**Brief**
Leave the pictures out and quote every line from the start of the listing to the line with "エネルギー・・・・・4.2 Kcal 炭水化物・・・・・・0", inclusive.

**Data supplied**
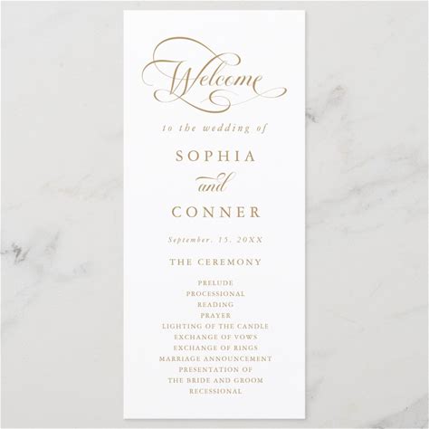 Gold Romantic Calligraphy Wedding Ceremony Program
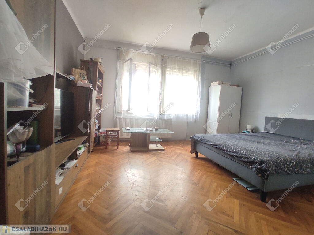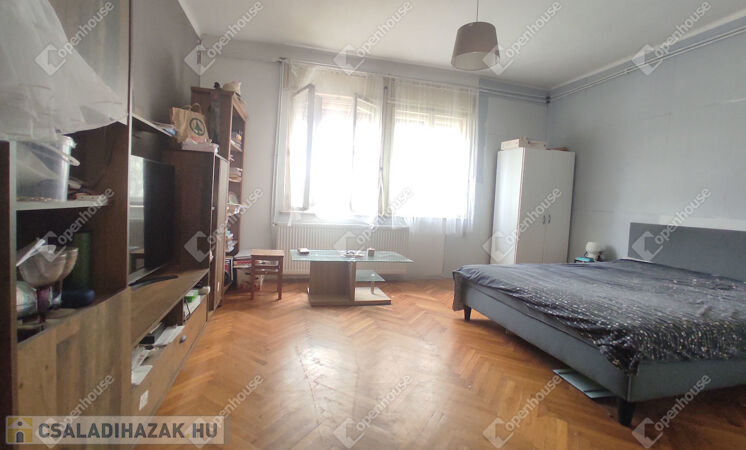 Belső elrendezése jelen kialakításában: előszoba-közlekedő, étkező, nappali, konyha, fürdőszoba, három külön nyíló kényelmes méretű szoba.
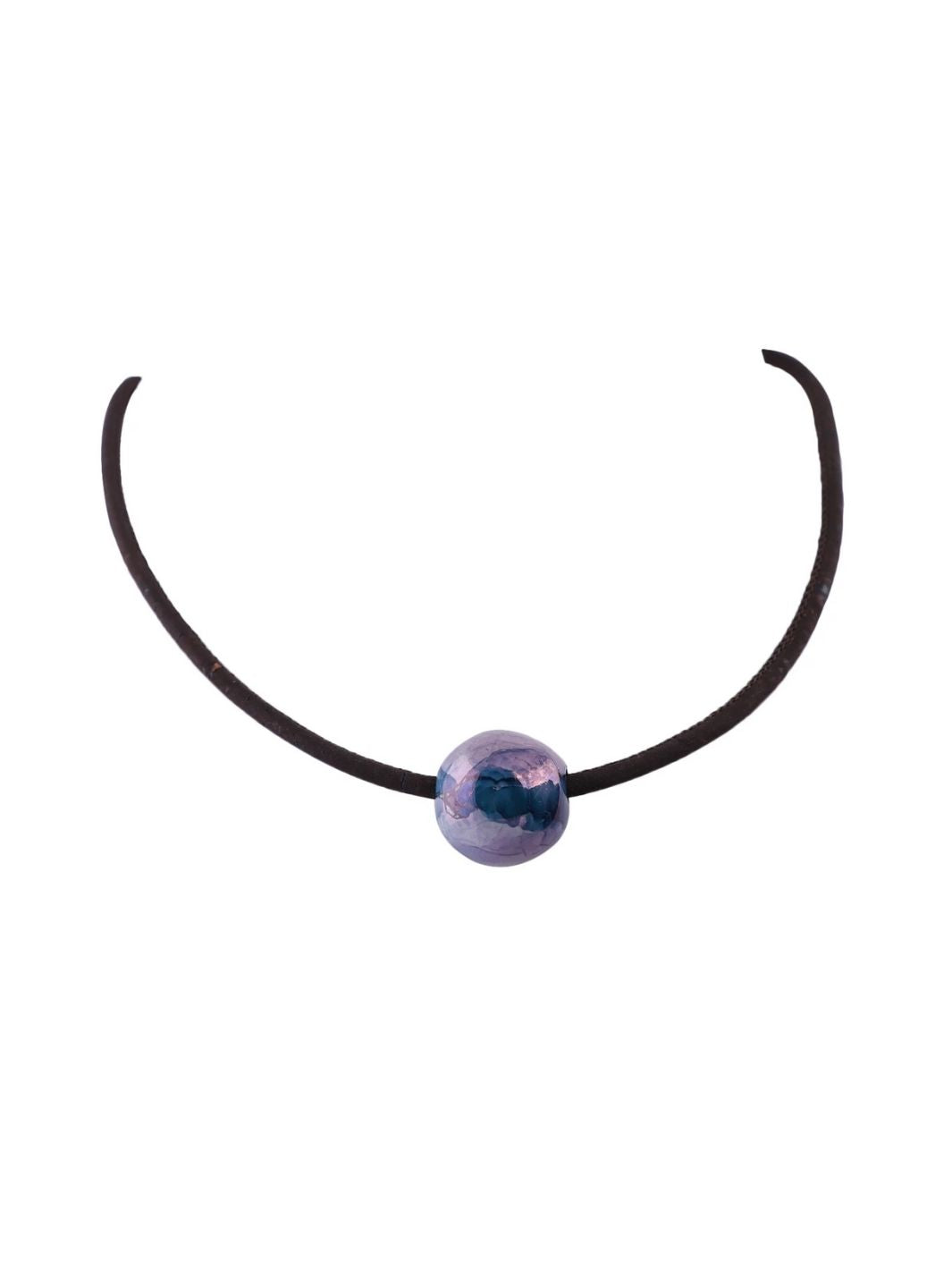 Gaia, our ethereal earth is the inspiration behind this elegant necklace. Dark brown cork and a ceramic sphere that is not perfectly shaped in hues of blue, purple and pink with a beautiful lustre is enclosed with a rose gold clasp. Wear it with a shirt or even with your traditional outfit to create a knock out look..
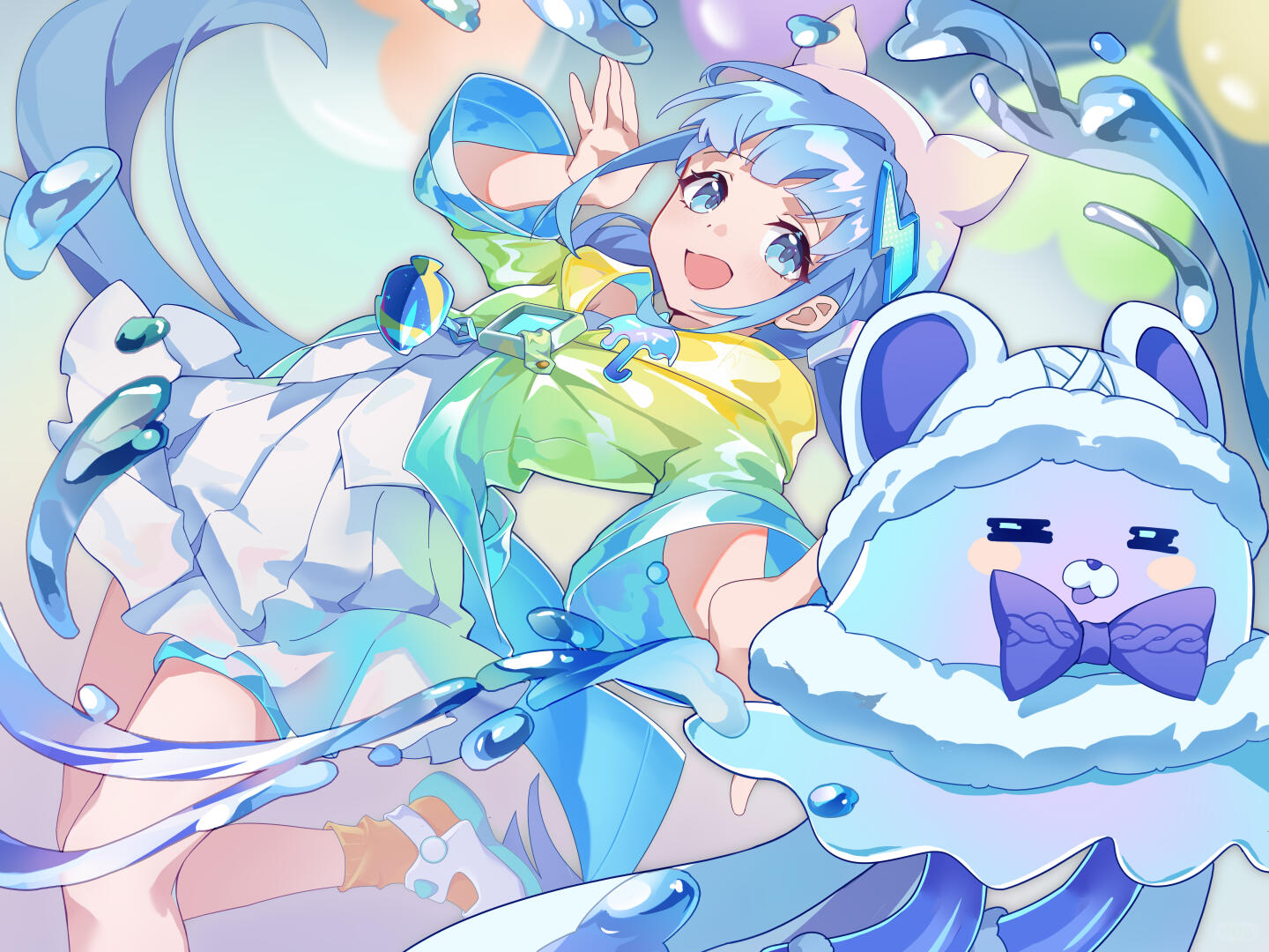 konoe nanami, lamune, highres, 00s, backpack, bag, blue eyes, gloves, hair ornament, hairpin, hat, long hair, purple hair, randoseru, scarf, solo, thighhighs, zettai ryouiki
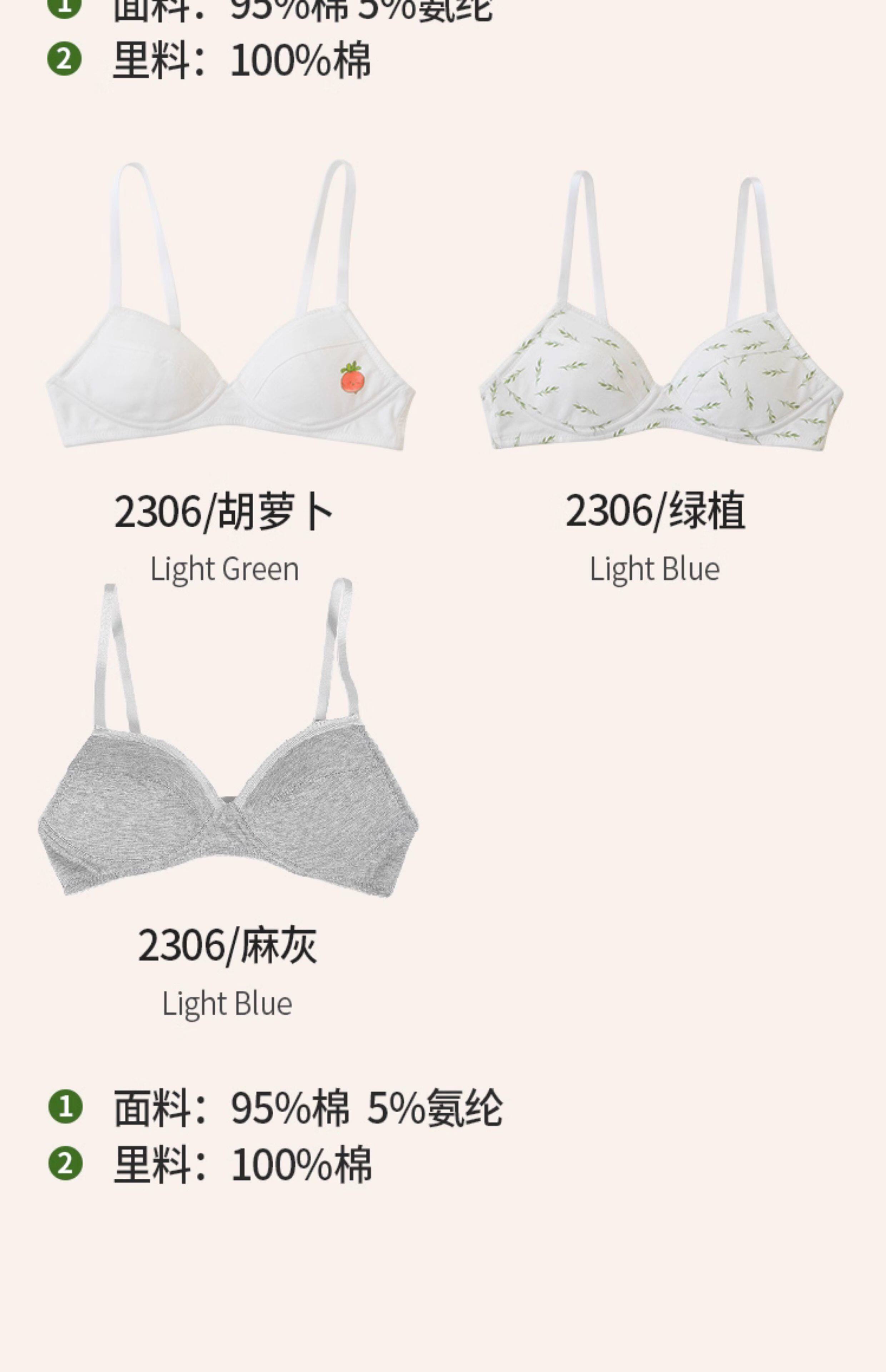 發育期少女文胸純棉無鋼圈內衣女學生高中薄款無海綿三階段內衣
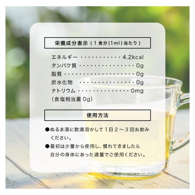 エネルギー・・・・・4.2 Kcal 炭水化物・・・・・・0 g 脂質・・・・・・・・0 g タンパク質・・・・・0 g ナトリウム・・・・・0 mg |
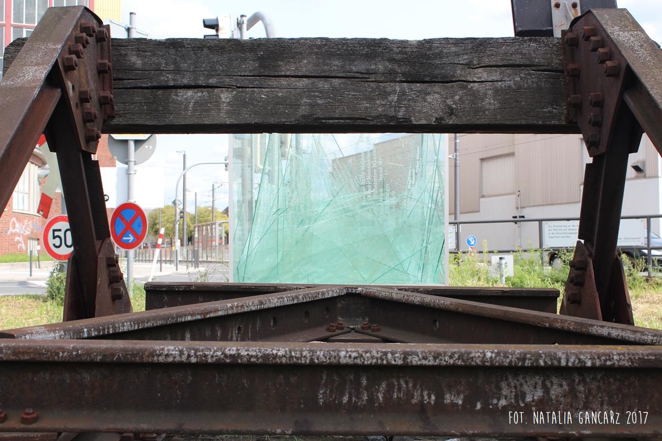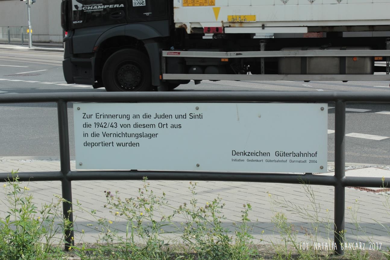 Pamięci Żydów I Sinti, którzy w 1942/43 z tego miejsca byli deportowani do obozów zagłady. // Dworzec Towarowy Denkzeichen (dosł. Stocznia towarowa) // Inicjatywa Miejsce Pamięci Güterbahnhof Darmstadt 2004.
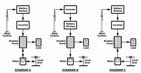 An architect is developing an electrical diagram to show equipment configuration and flow of electricity for a residential project. The project is integrating on-site wind generation where the utility company does not allow net metering.

**Your solution**
 Gold Romantic Calligraphy Wedding Ceremony Program
 Belső elrendezése jelen kialakításában: előszoba-közlekedő, étkező, nappali, konyha, fürdőszoba, három külön nyíló kényelmes méretű szoba.
 Gaia, our ethereal earth is the inspiration behind this elegant necklace. Dark brown cork and a ceramic sphere that is not perfectly shaped in hues of blue, purple and pink with a beautiful lustre is enclosed with a rose gold clasp. Wear it with a shirt or even with your traditional outfit to create a knock out look..
 konoe nanami, lamune, highres, 00s, backpack, bag, blue eyes, gloves, hair ornament, hairpin, hat, long hair, purple hair, randoseru, scarf, solo, thighhighs, zettai ryouiki
 發育期少女文胸純棉無鋼圈內衣女學生高中薄款無海綿三階段內衣
 エネルギー・・・・・4.2 Kcal 炭水化物・・・・・・0 g 脂質・・・・・・・・0 g タンパク質・・・・・0 g ナトリウム・・・・・0 mg |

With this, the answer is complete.